Neiman Lab offers a roundup of hot takes and Tweets about Deadspin's demise and what it might portend.
As for yours truly?
As I said on Twitter more than once this last week, I visited Deadspin for four reasons:
1. To see ESPN pwned
2. To see Bill Simmons pwned
3. To read some often-wrong sports hot takes, sometimes almost as wrong as Bleacher Report, Barstool Sports or Fansided sites (along with seeing them pwned)
4. To read some of that non-sports writing that Spanfeller wanted to gut and that on Nieman's roundup, contra his claims, got more views than sports stuff.
A lot of the stuff under No. 4 had political overtones, usually at least mildly left of center. And THAT was the problem for the G/O vulture capitalists. That's why they simply closed down Deadspin's sister, Splinter, shortly after they bought the former Gawker carcass from Univision. To riff on what Ben Mathis-Lilley notes at Slate in talking about zombie websites, much of what remains at a place like Forbes is not just clickbait, but in the hands of these vulture capitalists, it's wingnut clickbait.

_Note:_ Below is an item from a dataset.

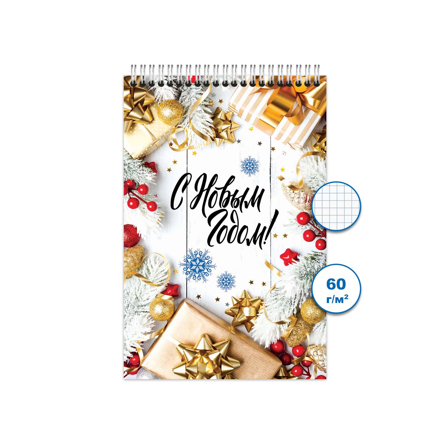 Блокнот А6 48л клетка на гребне Новогодний 5482

New Republic salutes Deadspin staff's courage in walking out, while noting they were in a rare situation — apparently profitable.

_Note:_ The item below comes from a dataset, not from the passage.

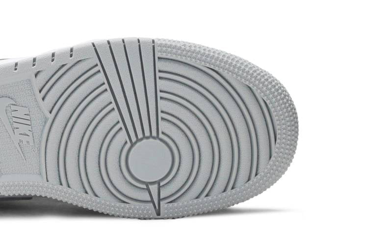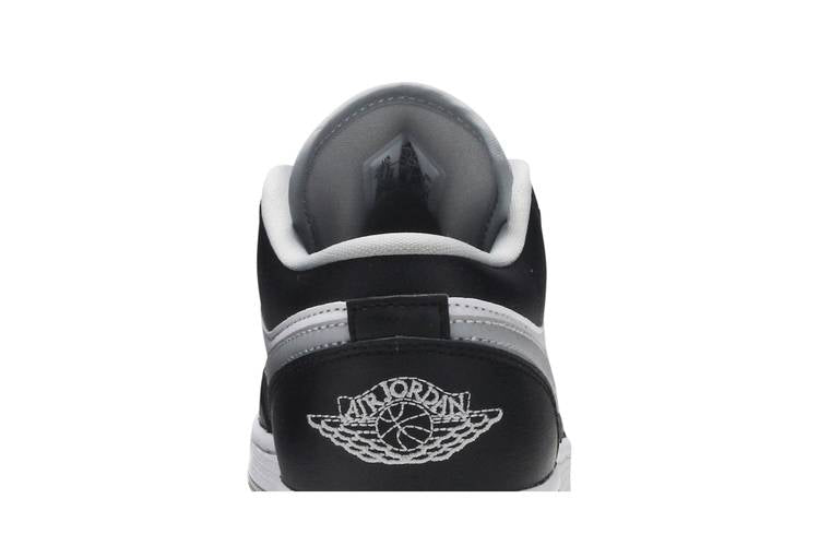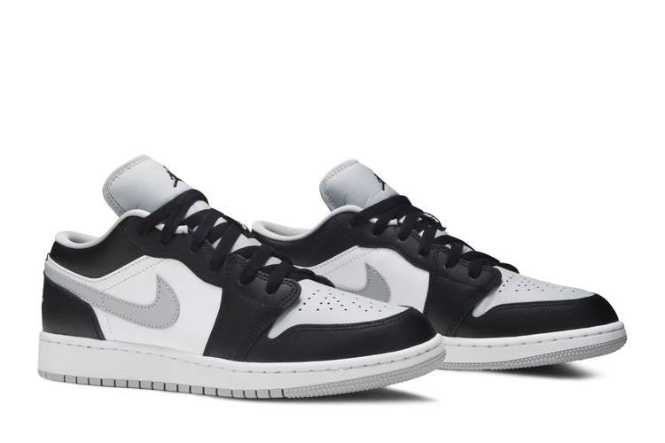 The Jordan 1 Low Grey Toe (GS) for kids showcases a white and black leather upper with grey accents slightly darker than white. The shoe features a white logo and winged Nike logo on the back. Released in 2020, this model offers a stylish and versatile design for young sneaker enthusiasts.

And that gets me back to bullet points 1-3, and those other sports sites.
Deadspin didn't really do sports reporting. It did, on its sports work, oh, 20 percent analysis, and 80 percent in the categories 1-3 plus other hot take type opinion, and an occasional cold take.
Sure, it was fun.
But, it was also, for me, like the stereotypical Chinese dinner. Digested and gone from an empty stomach half an hour later.
I'd read it little in the past 3-4 months, I confess. So, I'll kind of miss it. But not really miss it. The non-sports hot takes will find new homes. And people will follow the hot takers on Twitter if they need to. (That said, it's easier when they're all on one site, just like when much of the best basketball, and I think football, reporting is at ESPN. ESPN, with the exception of the relatively recent add of Jeff Passan, largely sux on baseball, and The Athletic is behind a paywall.)

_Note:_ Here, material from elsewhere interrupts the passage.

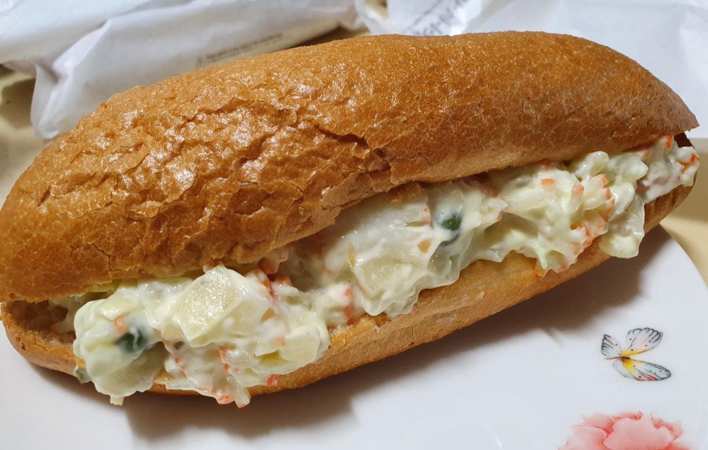 저도 맛이 궁금해 한입먹어보니 크래미랑 야채들이 마요네즈에 버무여져 있고 오이도 들어있어 우리가 사먹는 사라다 빵 맛이었어요. 무엇보다도 크래미가 큼직하게 들어있어 식감도 좋고 맛있었습니다.

And, to riff on New Republic, there's probably more "reckoning" like this. We've seen on the news website site, "readjustments" at places like Vice. Look how ESPN poached from and crowded out Yahoo on the sports news side, then The Athletic went paywall with premium sports news. NBC Sports went with a mix of bloggers and the occasional actual writer. There's only so many sports teams, and just so much, or so little, in the way of breaking news, and insightful analysis, and ever-shrinking online ad dollars at the same time.
And the "Mavening of sportswriting" that Bryan Curtis decries? Maven itself has already moved it beyond sports in the narrow sense to broader "leisure" writing. (It owns Backpacker, for example.)
The final lesson? Back to New Republic. If your company, especially but not only if you're in the media, is taken over by the vulture capitalists of private equity, start updating your escape plans immediately.